It is well-known that expected utility has empirical deficiencies. Prospect theory has developed as an alternative with more descriptive validity. This study elicits utility of life duration in a framework that is robust to violations of expected utility. In addition, our method allows for a parameter-free measurement of loss aversion and probability weighting for both gains and losses. Finally, we are the first measure utility of life duration and event weighting in the case of uncertainty.
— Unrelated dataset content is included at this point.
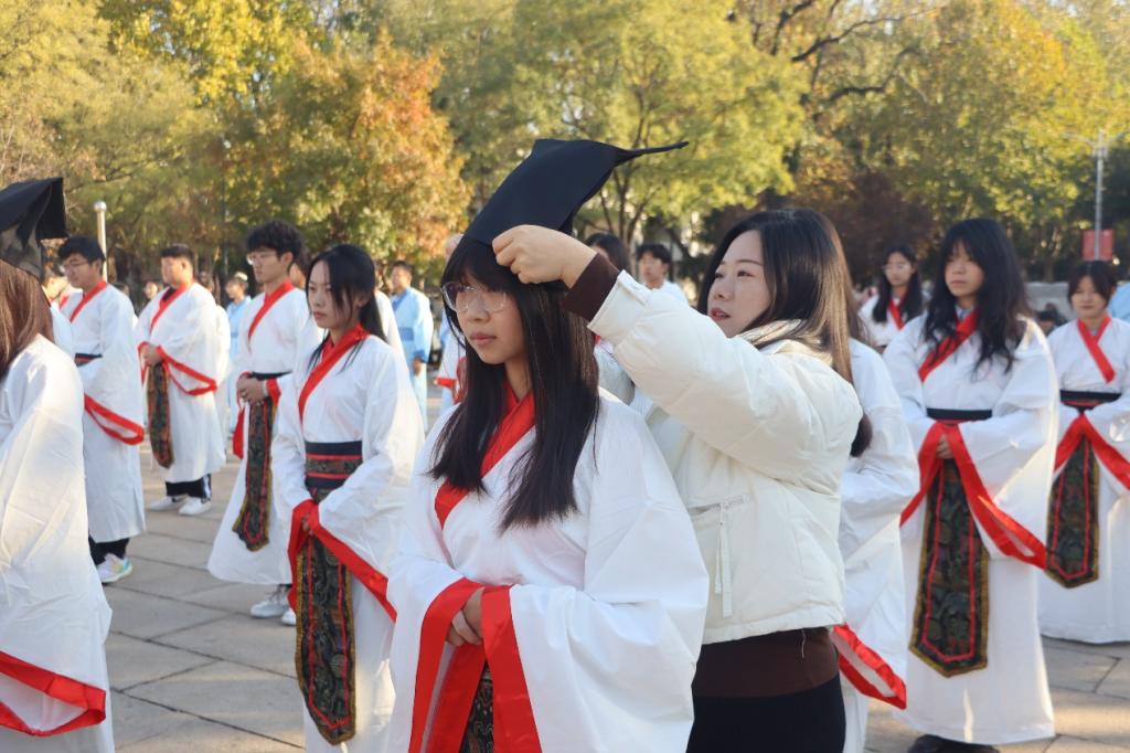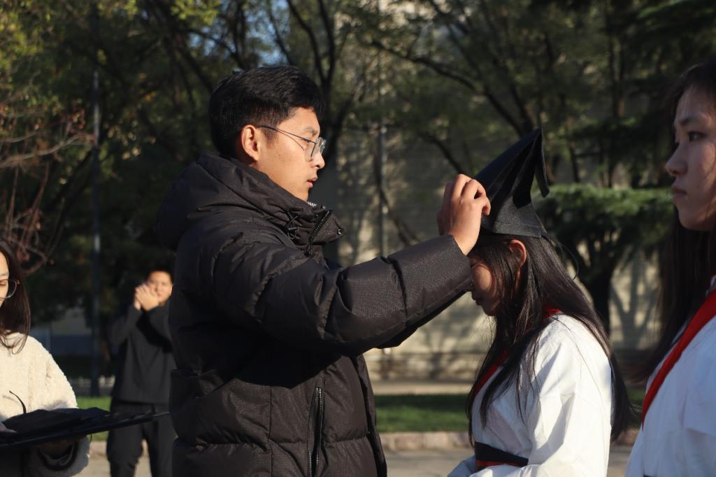 活动伊始,参礼学子面朝至圣先师行孔子之像行三揖礼和三鞠躬礼,展示中国传统文化的礼仪风采。赵兴卯、洪亚玲逐一为学子加冠及笄,并寄予期望与嘱托。随后,在学生代表荆锦硕的带领下,全体同学进行庄严宣誓,立志成为有理想、有道德、有文化、有纪律的社会主义公民,将秉承时代精神,不忘初心,砥砺前行。

We conducted individual experiments where respondents had to make choices using health outcomes, which included a treatment with known probabilities and a treatment with unknown, imprecise, probabilities. First, when comparing these treatments, we found evidence for uncertainty aversion for mixed prospects. Despite this, the two treatments showed the same general pattern: concave utility for gains, convex utility for losses, and steeper utility for losses than for gains. Hence, our findings confirm the S-shaped utility that has often been observed for monetary outcomes. The amount of loss aversion was not significantly different between the treatments, with median loss aversion coefficients varying between 1.4 and 1.8 (depending on the specific definition used). The probability weighting functions showed the usual inverse S-shape, indicating overweighting of small probabilities and underweighting of large probabilities, both for gains and for losses. When comparing decision weights under risk and uncertainty, we found a significant difference for gains, but only for probability 0.5, the case of the classical Ellsberg urn. For losses, event weighting differed from probability weighting for small probabilities.
In conclusion, our data are supportive of prospect theory and source dependence in the health domain. Moreover, our findings suggest that differences between risk and uncertainty for life years is mainly due to difference in event weighting, especially for lost life years.